***** Data

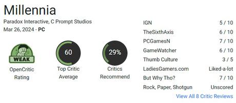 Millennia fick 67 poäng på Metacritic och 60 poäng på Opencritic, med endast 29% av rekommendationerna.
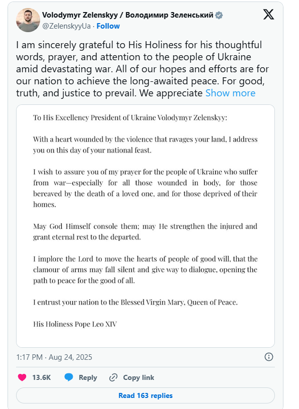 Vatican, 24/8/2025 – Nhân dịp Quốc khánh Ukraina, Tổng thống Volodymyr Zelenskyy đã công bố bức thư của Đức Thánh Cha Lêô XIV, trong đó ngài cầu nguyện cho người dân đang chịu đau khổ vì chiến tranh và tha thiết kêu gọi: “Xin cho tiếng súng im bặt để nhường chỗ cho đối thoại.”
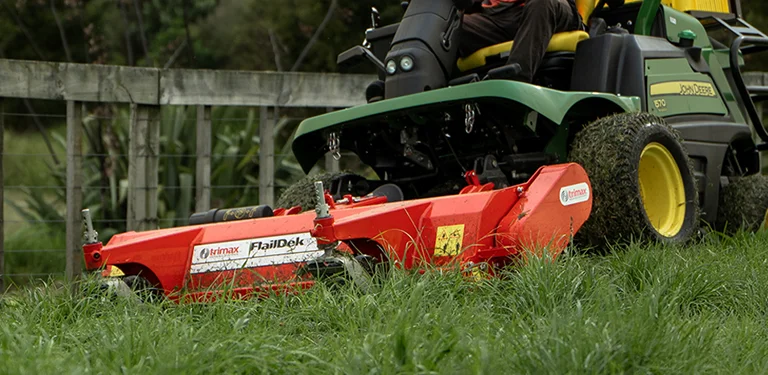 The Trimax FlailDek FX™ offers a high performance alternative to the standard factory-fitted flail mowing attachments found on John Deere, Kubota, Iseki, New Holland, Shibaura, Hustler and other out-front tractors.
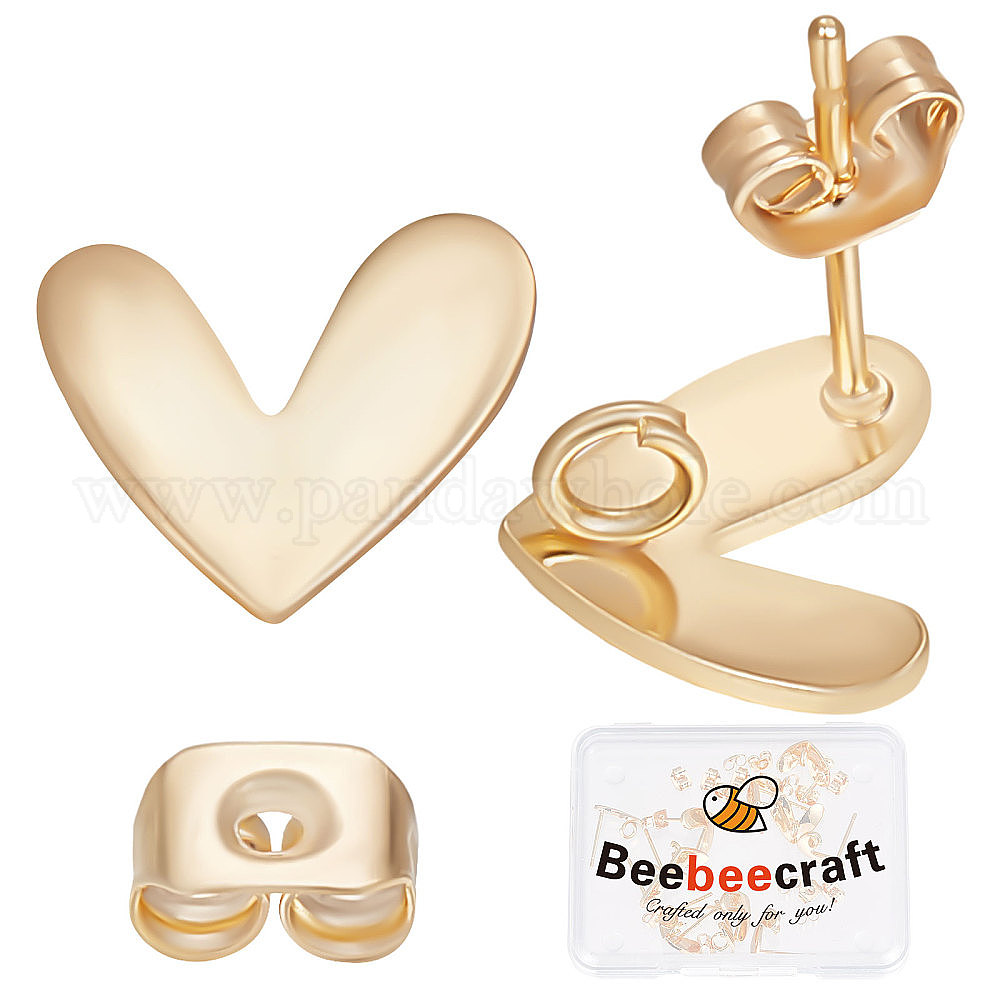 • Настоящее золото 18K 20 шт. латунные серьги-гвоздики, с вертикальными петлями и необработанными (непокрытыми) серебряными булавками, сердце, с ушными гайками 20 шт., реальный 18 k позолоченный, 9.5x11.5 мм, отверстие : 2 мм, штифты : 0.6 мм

**********

- **Work request**: In the printed copy, the material above must appear unchanged and without its pictures.

- **Expected output**:
 Millennia fick 67 poäng på Metacritic och 60 poäng på Opencritic, med endast 29% av rekommendationerna.
 Vatican, 24/8/2025 – Nhân dịp Quốc khánh Ukraina, Tổng thống Volodymyr Zelenskyy đã công bố bức thư của Đức Thánh Cha Lêô XIV, trong đó ngài cầu nguyện cho người dân đang chịu đau khổ vì chiến tranh và tha thiết kêu gọi: “Xin cho tiếng súng im bặt để nhường chỗ cho đối thoại.”
 The Trimax FlailDek FX™ offers a high performance alternative to the standard factory-fitted flail mowing attachments found on John Deere, Kubota, Iseki, New Holland, Shibaura, Hustler and other out-front tractors.
 • Настоящее золото 18K 20 шт. латунные серьги-гвоздики, с вертикальными петлями и необработанными (непокрытыми) серебряными булавками, сердце, с ушными гайками 20 шт., реальный 18 k позолоченный, 9.5x11.5 мм, отверстие : 2 мм, штифты : 0.6 мм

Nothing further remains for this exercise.